- **Task**
Only the lines below, from the one with "Vendredi 3 mai" through the one with "Tomocat — виртуальный", are to be written out, exactly.

- **Source information**
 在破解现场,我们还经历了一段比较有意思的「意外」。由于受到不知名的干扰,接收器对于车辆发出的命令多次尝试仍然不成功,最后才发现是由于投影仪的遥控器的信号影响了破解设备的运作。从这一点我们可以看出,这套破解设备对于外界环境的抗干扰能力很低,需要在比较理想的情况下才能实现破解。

...

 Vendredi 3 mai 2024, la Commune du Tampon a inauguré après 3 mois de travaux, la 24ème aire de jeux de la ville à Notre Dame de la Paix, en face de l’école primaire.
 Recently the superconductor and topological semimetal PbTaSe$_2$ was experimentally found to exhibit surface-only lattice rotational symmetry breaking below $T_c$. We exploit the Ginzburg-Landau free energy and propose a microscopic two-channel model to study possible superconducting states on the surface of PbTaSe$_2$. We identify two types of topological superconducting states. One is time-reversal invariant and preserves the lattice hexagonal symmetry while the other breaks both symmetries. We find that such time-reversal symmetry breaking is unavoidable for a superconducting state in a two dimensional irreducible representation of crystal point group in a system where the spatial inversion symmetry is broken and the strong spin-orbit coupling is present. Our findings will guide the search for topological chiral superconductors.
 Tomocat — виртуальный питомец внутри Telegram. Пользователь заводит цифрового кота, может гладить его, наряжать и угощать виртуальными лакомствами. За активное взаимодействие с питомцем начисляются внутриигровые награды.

==

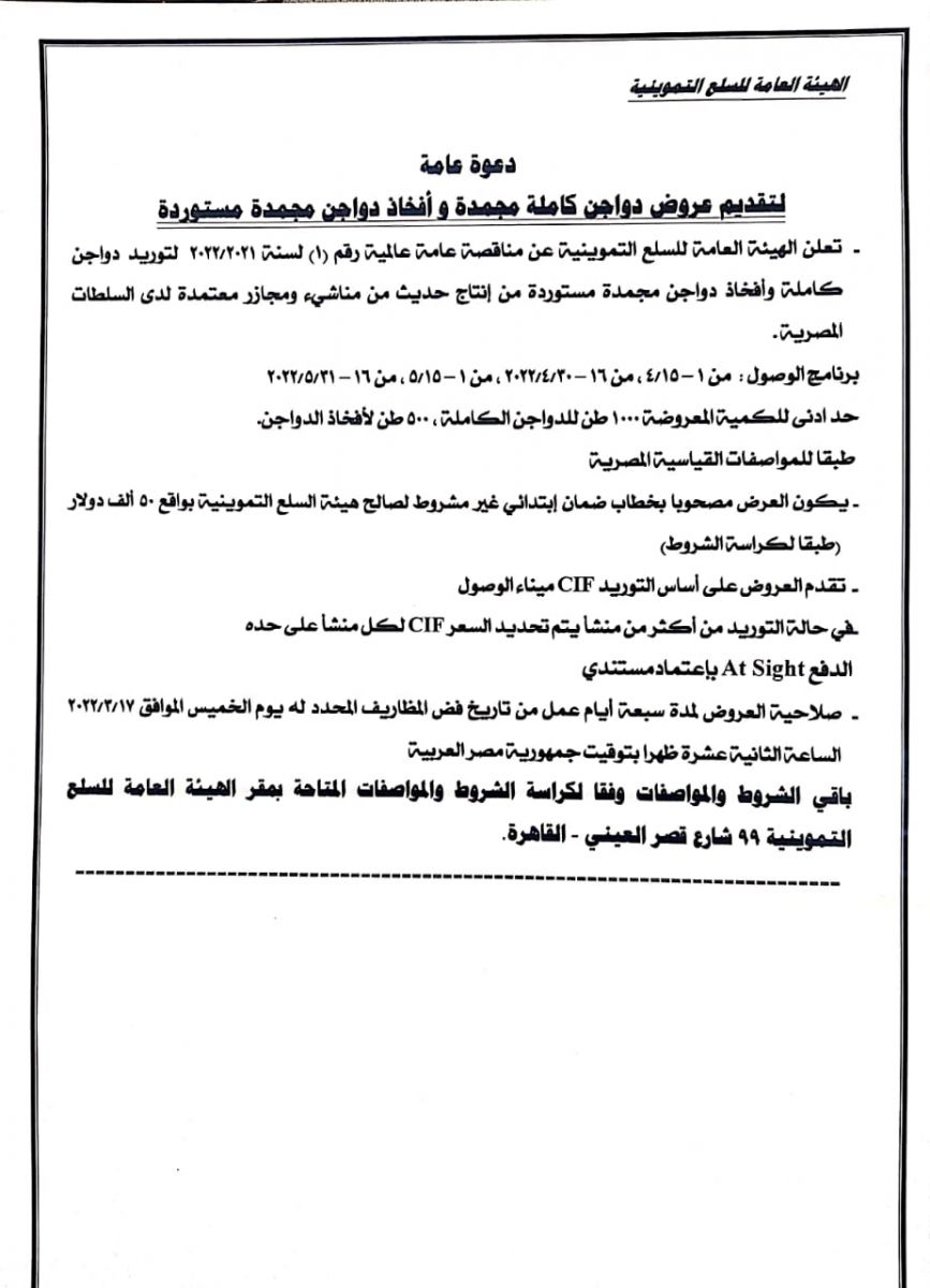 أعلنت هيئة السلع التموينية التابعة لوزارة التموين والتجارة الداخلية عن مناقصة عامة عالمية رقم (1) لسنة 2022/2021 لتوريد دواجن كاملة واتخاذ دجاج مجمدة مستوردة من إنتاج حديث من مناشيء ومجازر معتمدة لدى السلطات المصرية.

- **Your response**
 Vendredi 3 mai 2024, la Commune du Tampon a inauguré après 3 mois de travaux, la 24ème aire de jeux de la ville à Notre Dame de la Paix, en face de l’école primaire.
 Recently the superconductor and topological semimetal PbTaSe$_2$ was experimentally found to exhibit surface-only lattice rotational symmetry breaking below $T_c$. We exploit the Ginzburg-Landau free energy and propose a microscopic two-channel model to study possible superconducting states on the surface of PbTaSe$_2$. We identify two types of topological superconducting states. One is time-reversal invariant and preserves the lattice hexagonal symmetry while the other breaks both symmetries. We find that such time-reversal symmetry breaking is unavoidable for a superconducting state in a two dimensional irreducible representation of crystal point group in a system where the spatial inversion symmetry is broken and the strong spin-orbit coupling is present. Our findings will guide the search for topological chiral superconductors.
 Tomocat — виртуальный питомец внутри Telegram. Пользователь заводит цифрового кота, может гладить его, наряжать и угощать виртуальными лакомствами. За активное взаимодействие с питомцем начисляются внутриигровые награды.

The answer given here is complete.